Les présidents d'AC et de DAUC, Éric Firoud et Jean Louis Wolber, qui présentent des "listes citoyennes" aux municipales, s'étranglent avec un projet de musée de la Romanité (80 millions d'euros), qui selon eux "entrera en concurrence avec celui d'Arles et celui de Narbonne".
"C'est le syndrome du Quai Branly. Chaque élu veut laisser sa trace", estime M. Firoud. Au terme de 13 ans de mandat, Jean-Paul Fournier, pour autant, fait figure de favori.

Les sondages nationaux placent la fiscalité parmi les préoccupations premières des électeurs aux municipales

Dans de nombreuses régions, les impôts locaux ont crû, entraînés notamment par "l'empilement" des collectivités, explique l'économiste Alain Trannoy.
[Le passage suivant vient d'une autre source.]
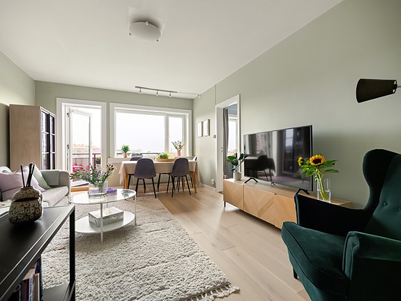 Dette er en gjennomgående og pen 2-roms, fint beliggende i byggets 3. etg. Leiligheten har i dag en meget praktisk planløsning, med separat kjøkken, stor stue og et romslig soverom. På soverommet er det rikelig med plass til stor dobbeltseng, oppbevaring og hjemmekontor. Fra stuen finner vi leilighetens balkong, som byr på en enestående utsikt over hustakene og fjorden. Denne er vendt mot syd, noe som er synonymt med sol og dagslys - uansett årstid!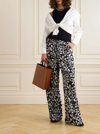 EDITORS'NOTES Marni's pants are decorated with an abstract floral pattern that has such a painterly look. Made from crepe, they have straight legs and drawstring ties at the waist to adjust the fit. SIZE & FIT Model measurements: - Fits true to size, take your normal size - Intended to be worn loose and low on the hips - Drawstring waist, designed for a comfortable fit - Lightweight, non-stretchy fabric - Model is 180cm/ 5'11" and is wearing an IT 40 - Bust: 81cm/ 32" - Waist: 63cm/ 25" - Hip: 91cm/ 36" DETAILS & CARE - Black and white crepe - Pull on - 100% viscose - Hand wash

Pour lui, ces hausses ont trouvé leur limite et les communes ne pourront plus compter sur elles.
A Amiens, le taux de taxe foncière (27,76%) dépasse la moyenne nationale (23,07%), mais ce "n'est pas du fait de la commune", explique Jacques Lessard, adjoint aux finances (PCF), relevant que la part du département a augmenté devant les dépenses sociales croissantes auxquelles cette collectivité doit faire face.

Attention à la "saturation fiscale"

Depuis l'arrivée de Jean-Claude Gaudin à la mairie de Marseille en 1995, les impôts locaux ont progressé de 36%. Le taux de la taxe d'habitation y est parmi les plus forts de France, avec l'agglomération lilloise.
"Ces villes ont un fort taux de ménages modestes, et donc des bases fiscales moindres", avance le secrétaire général de la mairie, Jean-Claude Gondard. "Nous avons développé l'investissement et les services", ajoute-t-il, évoquant une ville "deux fois plus grande que Paris, avec ses 2.400 km de trottoir, plus compliquée et chère à gérer".
L'équipe sortante l'admet: on ne peut plus augmenter les impôts. "Il y a saturation fiscale", dit M. Gondard. "Et celui qui ne prendrait pas cet engagement serait sanctionnable par l'électeur". La ville, déjà endettée, n'aura donc d'autres choix que de tenter d'attirer des entreprises pour trouver des ressources nouvelles.

A Lille, le taux de la taxe d'habitation atteint 33,55% (contre 21,01% en moyenne). "Les bases lilloises sont très, très faibles et ne dépendent pas de la ville, mais de l'Etat. Ca fait 25 ans qu'on demande à l'Etat de revaloriser les bases pour nous permettre de baisser les taux", objecte l'adjoint aux finances de Martine Aubry, Pierre de Saintignon, qui ajoute: "Nous sommes la seule grande ville de France de plus de 150.000 habitants à ne pas avoir augmenté les impôts depuis 2001, alors que nous avons dans ce mandat doublé nos investissements", grâce à "la qualité de la gestion de la dette".
Christian Decocq, opposant UMP à Lille, concède que les communes souffrent aussi d'un désengagement de l'Etat. Ce retrait rendra "les collectivités vertueuses" et "la variable d'ajustement, ce ne sera plus les impôts, ce sera l'économie de la dépense", assure-t-il.